Putusan Mahkamah agung terkait dengan keberadaan pengurus serikat pekerja pada perusahaan manufactur,putusan Mahkamah Agung ini tidak menyinggung ketentuan Pasal 153
huruf g atau tidak mempertimbangkan keberadaan Pasal tersebut yang menjadi dasar tidak dapat di pemutusan hubungan kerja pengurus serikat pekerja pada perusahaan manufactur. Namun
hakim tidak mempertimbangkan ketentuan pasal tersebut di karenakan ketentuan pasal tersebut
tidak di jadikan dasar dari pemohon kasasi sebagai dasar gugatan dari pemohon yang mengajukan gugatan.

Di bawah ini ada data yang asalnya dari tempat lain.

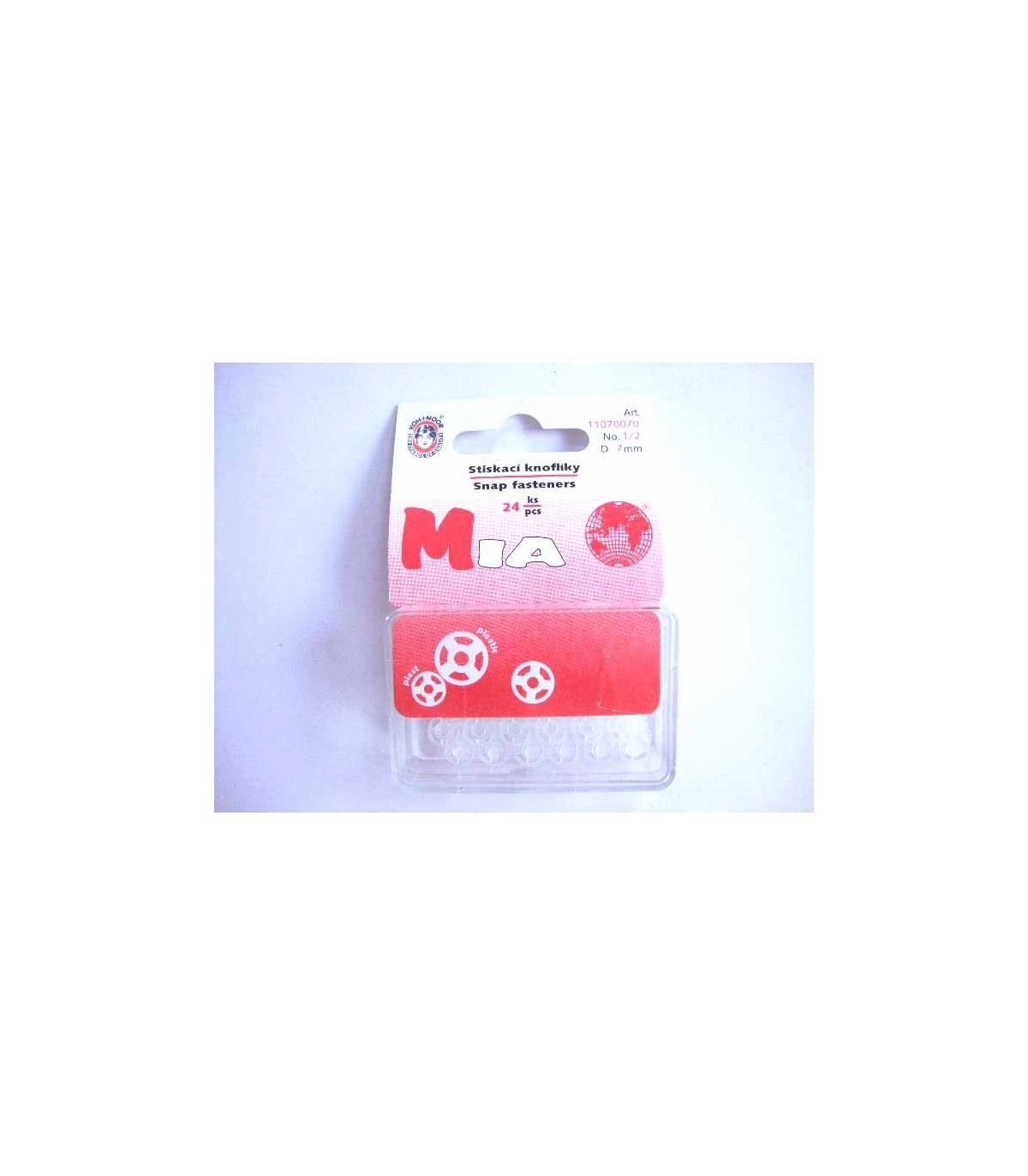 Een kleine plastic drukknoop met een doorsnee van 7 mm. 24 stuks 1,00
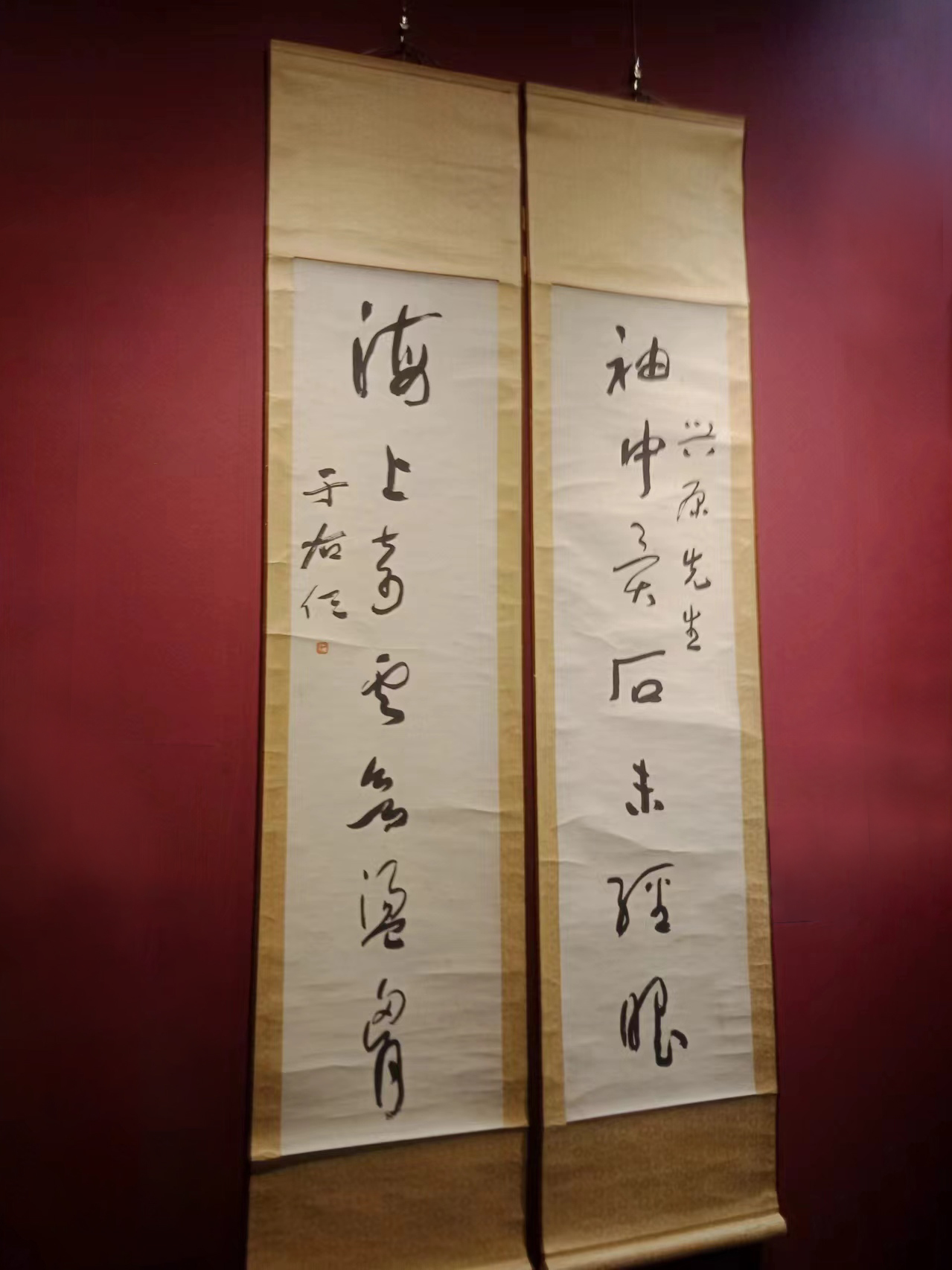 這次展出的于右任先生書法十余幅,有草書、行書和楷書。草書古詩“蜀本九經(jīng)最先出,后來孳乳到長興。蒲津毋氏家錢造,海內通行價倍增(此幅落款‘五十一年’,應是1962年先生去世前的作品)”,行書七言聯(lián)“袖中異石未經(jīng)眼,海上奇云未蕩胸”,楷書七言聯(lián)“萬卷藏書宜子弟,十年種木長風煙”等,書藝嫻熟,各有特色。所展墨寶筆法老練,墨氣逼人,筆者懷著崇敬的心情駐足敬賞,猶如與先生會面,久久不忍離去。

Pada putusan Mahkamah Agung ini hakim bersifat pasif dan pada Pengadilan Hubungan Industrial pada Pengadilan Negeri yang menggunakan hukum acara perdata menganut paham
bahwa hakim bersifat pasif.Akibat hukum pada putusan Mahkamah Agung ini terhadap keberadaan pengurus serikat pekerja menimbulkan ketidakpastian hukum terhadap keberadaan
pengurus serikat pekerja terkait pemutusan hubungan kerja.Pengurus serikat pekerja dalam melakukan kegiatannya menjadi tidak terlindungi dengan adanya putusan ini, padahal ada
ketentuan yang melindungi kegiatan pengurus serikat pekerja. Pada putusan ini tampak bahwa perusahaan dapat melakukan pemutusan hubungan kerja terhadap pengurus serikat pekerja yang
sedang menjalankan ketentuan Pasal 153 huruf g. putusan ini dapat dijadikan yurisprudensi
terhadap hakim walaupun adanya perlindungab berdasarkan ketentuan Pasal 153 huruf g.